There was a mumbled reply and the sound of hooves clomping down the stairs. Twilight Velvet turned back to Cadance. "She's in her room, as always, and I'm sure you know the drill. Help yourself to anything else in the kitchen, but the cake is for an office party tomorrow."

"No worries, Mrs. Velvet, I already ate."

"You aren't the one I'm worried about, deary."

Cadance chuckled. "I'll keep Twilight well away from it, I promise." The sugar high alone was reason enough to keep the filly away from such sweets after dark. She turned and trotted toward the young filly's room.

Pushing open the door, Cadance found the young unicorn sitting at a small table, with Ms. Smarty Pants and two other stuffed animals arrayed around it as well. In front of each were some playing cards, and Twilight Sparkle—complete with a green visor that was several sizes too large—was using her magic to deal more.

"Well what have we here?" Cadance said, by way of announcing herself.

"Oh, Cadance!" Twilight said, excitement in her voice. "You're just in time for the next hoof. Sit down there!" She was a rather imperious little thing, Cadance thought to herself.

"What are we playing?" Cadance asked, tucking her wings and legs in as tightly as possible to fit at a corner of the small table, just to the right of Twilight.

"Poker," Twilight said flatly, and she dealt a hoof of cards to her.
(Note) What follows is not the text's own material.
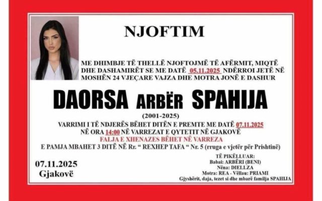 Këtë e kanë bërë të ditur familjaret e së ndjerës, derisa njoftuan se varrimi do të bëhet në varrezat e qytetit të Gjakovës me fillim nga ora 14:00.
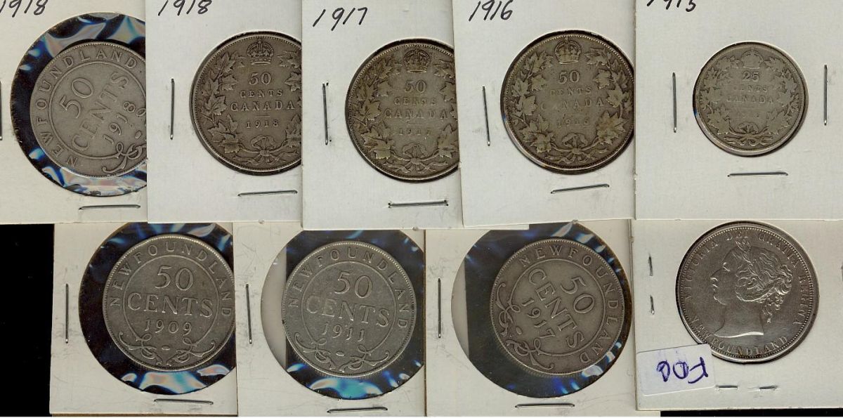 1915,1916, 1917 25¢ and 1918 50¢, Nfld 1918c, 1917c, 1911, 1909, 1874 50¢ pcs. Coins all circulated. Should be viewed!

"I'm not sure that's exactly the type of game a filly your age should be playing."

"Tell me about it," Twilight said with a melodramatic sigh. "It doesn't make any sense. But don't worry, I've spent the past two days fixing it. We're playing it my way now."

"Your way?"

Twilight just nodded, and finished the deal, before picking up her two hole-cards and glaring at them. When in Roan... Cadance thought, and looked at her own cards. Not bad, she realized, a pair of kings.

"Okay," Twilight said. "Miss Smarty Pants is first." The unicorn then used her magic to animate the doll, who pushed a small button into the center of the table. Next up were a pig of some kind, who "bet" a small teacup, and a duck, who put forward a piece of chalk.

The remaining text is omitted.